Figure 7. Schematic model of reinforcement learning (Flache and Macy 2002). p_a is the probability of making decision 'a', where 'a' can be either cooperate (C) or defect (D)

8.2

A possible way of relating the GRL model to the CBR model is to say that in the GRL model every situation experienced by the Agents looks the same to them (i.e. there is no perceived state of the world), so we could say that there is one single set of similar situations which includes all of them. However, as opposed to what occurs in the CBR model, in which Agents decide at random only when they perceive a novel state of the world, Agents in the GRL model decide always stochastically whether to cooperate or defect.

8.3

Assuming fixed Aspiration Thresholds, Macy and Flache (2002) have characterised two types of attractors that govern the dynamics of the simulations in the GRL model: self-reinforcing equilibria (SRE) and self-correcting equilibria (SCE)^[20]. These two concepts are not equilibria in the static sense of the word, but pairs of probabilities to cooperate (one for each player) which act as "basins of attraction" that pull the dynamics of the simulation towards them.

8.4

SRE are absorbing states in the simulation where Agents' probability to cooperate is either 1 or 0 and the certain outcome resulting from those pure strategies ensures that probabilities will not change (e.g. when probabilities to cooperate are 1 and Agents' Aspiration Thresholds are below Reward). Since the learning algorithm used by Flache and Macy (2002) is such that probabilities cannot reach 1 or 0 from any other value, SRE are unreachable from any other state^[21]. SRE are, however, "basins of attraction" which are more likely to be approached the closer the Agents' probability to cooperate gets to them (although escape from their 'gravitational' attraction is always possible). The number of SRE in a social dilemma depends on the number of outcomes which both players consider satisfactory (i.e. on their Aspiration Thresholds). Regarding SCE, Macy and Flache (2002) have proved that there can be at most one SCE in a social dilemma and there may be none. The SCE obtains when the expected change of probabilities is zero and the Agents' probability to cooperate is neither 1 nor 0.

8.5

The concept of strictly undominated outcomes after applying one step of outcome dominance is closely related to SRE in any game. An outcome is strictly undominated if and only if every player is getting at least their Maximin . An outcome is an SRE if and only if every player is getting at least their Aspiration Threshold (and is using pure strategies). Therefore, if Aspiration Thresholds equal Maximin, the two concepts are equivalent.

8.6

However, as Aspiration Thresholds move away from Maximin, the two concepts diverge.

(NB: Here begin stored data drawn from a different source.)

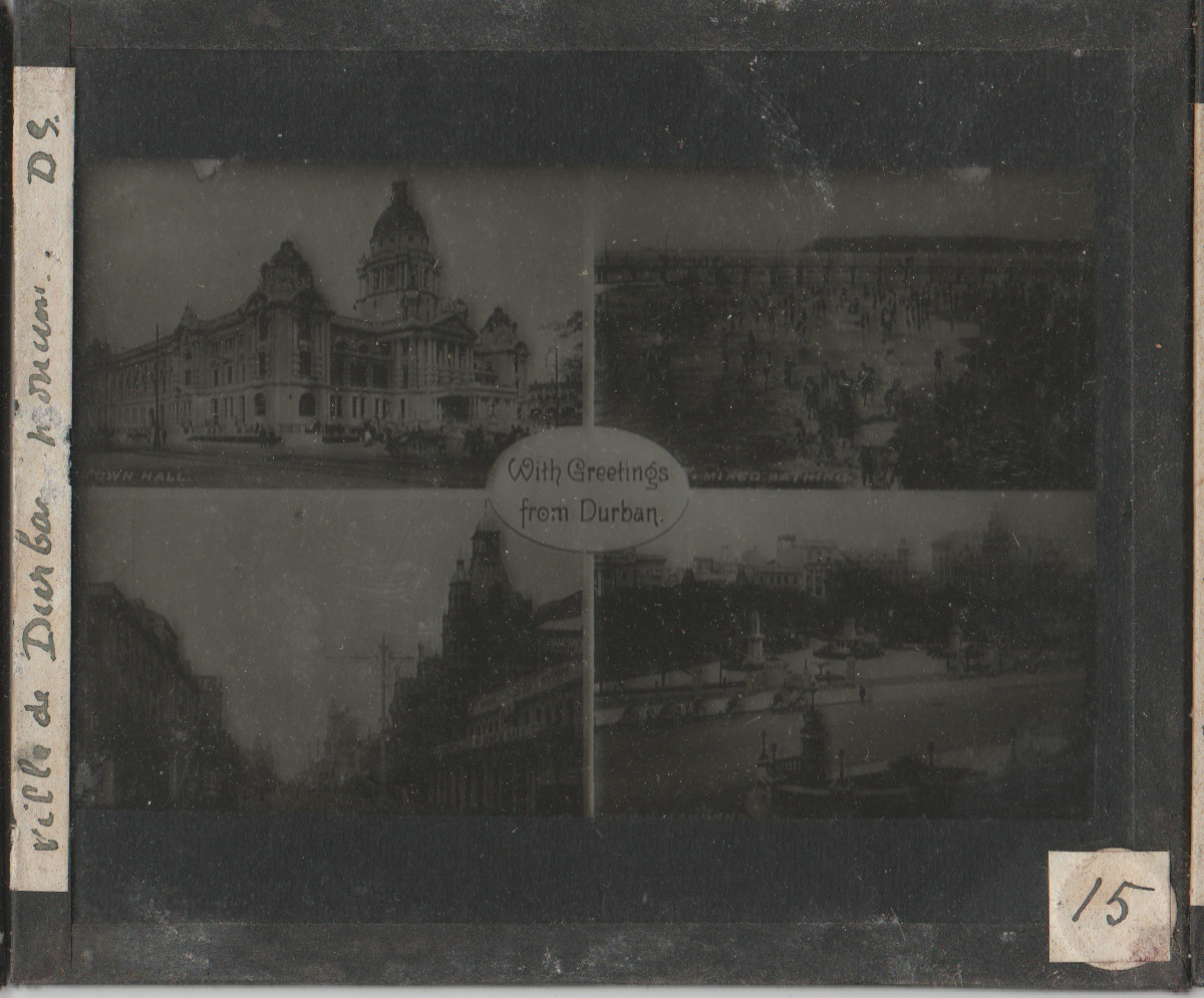 Postcard with "Greetings from Durban" written in middle. 4 images. One in each corner.
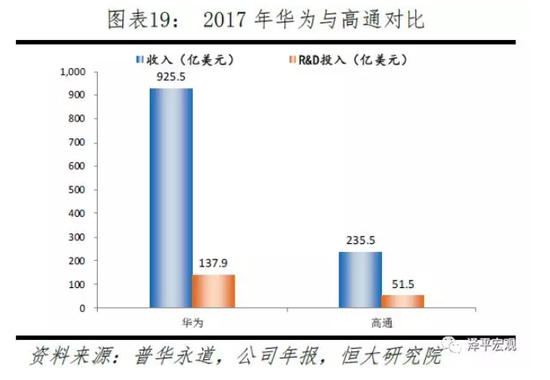 通信是信息社会的“神经网络”。当前全球四大通信设备巨头华为、爱立信、诺基亚、中兴,中国占据其二。华为2017年销售额925.5亿美元,研发投入137.9亿美元,大幅超越传统通信设备巨头爱立信与诺基亚。与美国无线通信巨头高通相比,华为的收入与研发投入体量同样领先。在过去十年内,华为在研发领域累计投入近4000亿人民币,目前拥有超过7万份专利(超过90%是发明专利)。
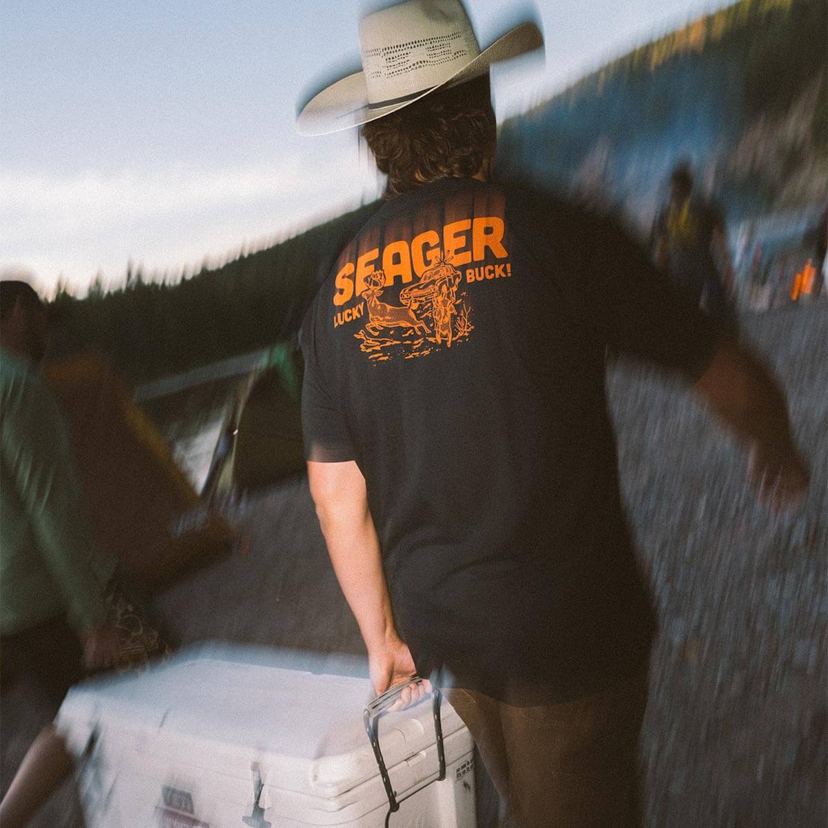The Lucky Buck Tee is a 100% cotton, medium-weight tee with a back print made to carry a little luck with you wherever you go.
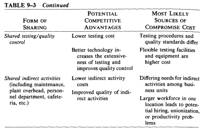 Policy choices required to facilitate sharing, then, can adversely affect the cost or differentiation of one or more of the business units involved.
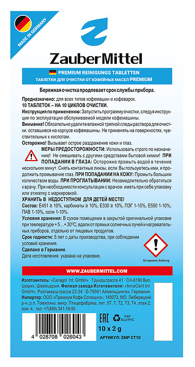 Таблетки для очистки кофейной системы ZauberMittel ZMP CT10, 10 таблеток
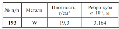 Задача 193 - Определите, используя приведенные ниже экспериментальные данные: а) структурный тип кристаллической решетки, в которой кристаллизуется данный металл (гранецентрированная кубическая, объемно центрированная кубическая или типа алмаза); б)
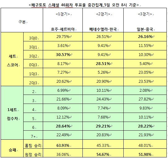 [배구토토] 국민체육진흥공단(www.kspo.or.kr)이 발행하는 체육진흥투표권 수탁사업자인 스포츠토토 공식 온라인 발매사이트 베트맨(www.betman.co.kr)이 오는 6일 열리는 2012 런던올림픽 남자배구 세계예선전 호주-세르비아(1경기)전, 베네수엘라-한국(2경기)전, 일본-중국(3경기)전 등 총3경기를 대상으로 한 배구토토 스페셜 46회차 게임 투표율 중간집계 결과 일본-중국(3경기)에서 참가자의 51.98%는 중국의 승리를 예상했다고 밝혔다.
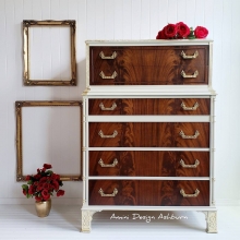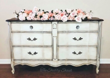 "French Provincial Furniture always has such a classy high end, yet relaxed look to it. With its carved and curved feet and all the delicate details it has such a luxurious style. This French Provincial dresser was painted in layers of General...
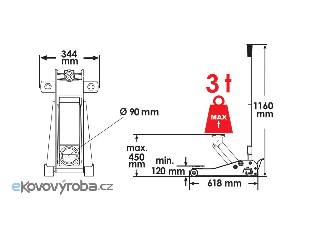 Tento hever má rozsah zdvihu od 120 mm do 450 mm a nosnost 3 tuny.
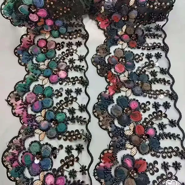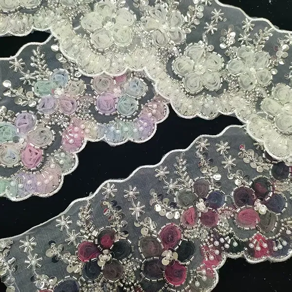 Večbarvna vezena čipka s 3D mrežastim trakom, cevjo s perlicami, čipka za vezenje s črtno kodo
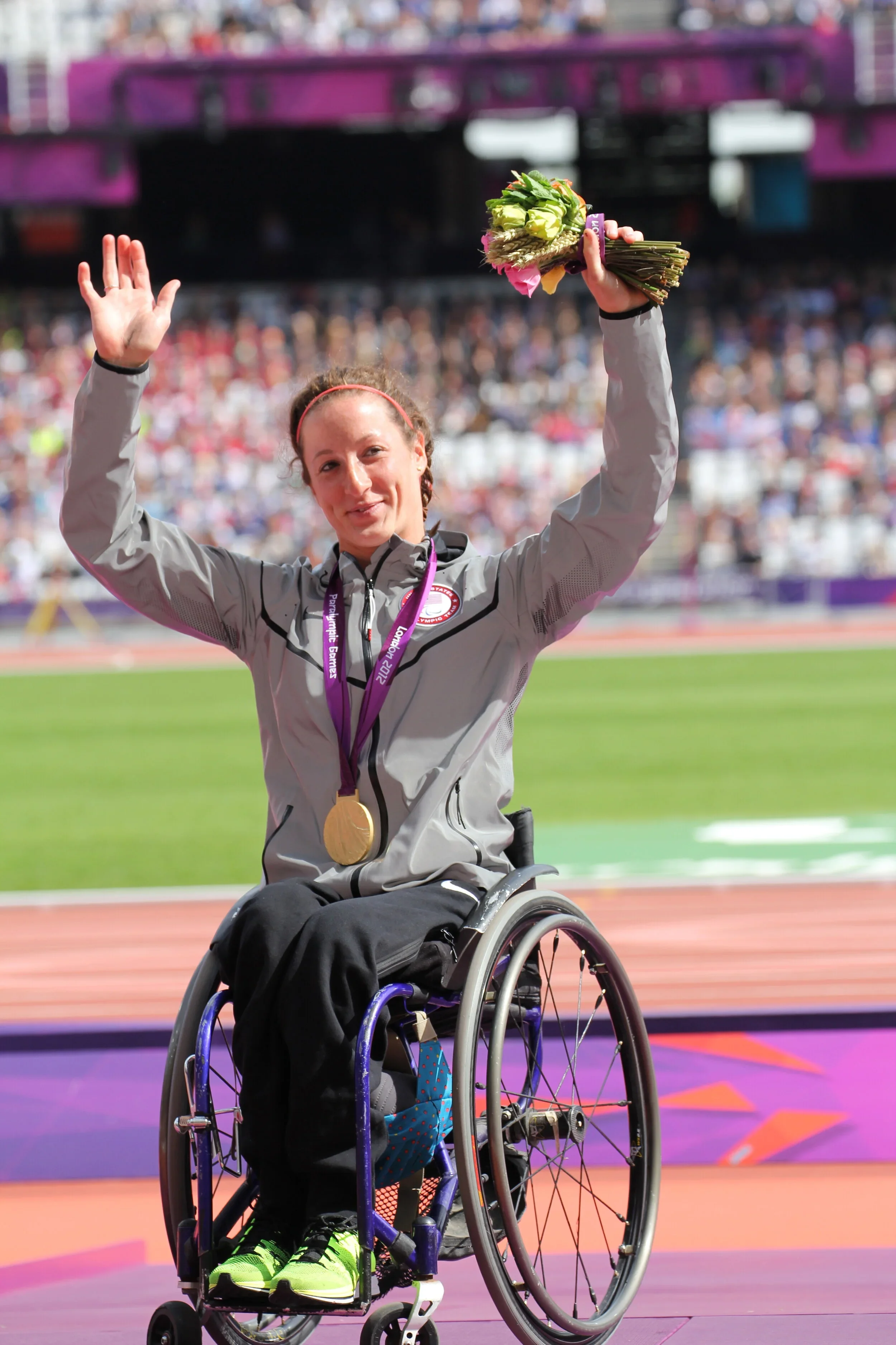 Image: Tatyana McFadden is pictured at the 2012 London Olympics medal ceremony, where she received her gold. She sits in her wheelchair, waving her arms to the crowd, with a bouquet of flowers in her hand. Her medal is around her neck.

While the concept of strictly undominated outcomes is independent of Aspiration Thresholds, some SRE are eliminated as Aspiration Thresholds increase, while new SRE appear when Aspiration Thresholds decrease, always in a cumulative fashion.

8.7

The main difference between the concepts of SRE and strictly undominated outcomes after applying one step of outcome dominance stems from the different meaning that Aspiration Thresholds have in the GRL model and in the CBR model. In the GRL model, Agents will never be satisfied with a Payoff less than their Aspiration Threshold; on the contrary, in the CBR model Agents will be satisfied with a Payoff below their Aspiration Threshold as long as the last time they applied any other possible decision in a similar situation they got an even lower Payoff. The latter interpretation of the Aspiration Thresholds can be aligned with the former by assuming that:

Agents in the CBR model have a different Aspiration Threshold for each distinct set of situations they perceive as different (this set is defined by a certain perceived state of the world).
After every possible decision has been explored at least once in a certain set of similar situations, the corresponding Aspiration Threshold is updated according to the following habituation rule:
AT = sup _i{ last(Payoff_Di) }
where
AT is the updated Aspiration Threshold for a given set of similar situations.
Di is a possible decision made by the Agent
last(Payoff_Di) is the payoff obtained by the Agent when they last made decision Di

The outcomes resulting from applying more than one step of outcome dominance are not directly related to SRE or SCE.

Conclusions

9.1: We have explored the outcome of social dilemmas when played by case-based reasoners. CBR is a method of inference that is believed to be commonly used by real people when they face novel or difficult problems in which they cannot easily compute a satisfactory solution (Ross 1989). Social dilemmas are clearly ill-defined and difficult problems since the payoff for any player depends on the other players' actions and these actions are not necessarily known by the deciding agent, nor can they be rationally inferred a priori. However, when playing the game repeatedly, agents can adapt their behaviour by observing the other players' actions, and find a satisficing solution within the constraints that the other players' actions impose. By implicitly anticipating the outcome of their actions, our selfish case-based reasoners arrive at a cycle in which all of them can justify every decision they make by appealing to a previous past experience. In this paper we have proved that the decision they make is very often to cooperate, even though they only pursue their own benefit. In determining how often cooperation occurs, aspiration thresholds, the Agents' representation of the world, and their memory length all play important and interdependent roles.
9.2: The experiments conducted have also revealed a new concept of equilibrium which is especially relevant for a broad class of case-based reasoners: strictly undominated outcomes. Case-based reasoners with high enough Aspiration Thresholds do not accept outcomes which are strictly dominated, i.e. they do not accept outcomes where the decision making Agent is guaranteed a higher payoff by changing their decision. Moreover, it is conjectured that if Agents were sophisticated enough as to grasp the fact that other Agents do not accept strictly dominated outcomes, then the outcome of the game would be always cooperative.

Acknowledgements

: This work is funded by the Scottish Executive Environment and Rural Affairs Department. We wish to thank Bruce Edmonds and three anonymous referees for some very useful comments. We also would like to thank two anonymous reviewers that commented on an earlier version of this paper submitted to the first European Social Simulation Association Conference.

Notes

¹ Terms in bold are defined in Appendix A.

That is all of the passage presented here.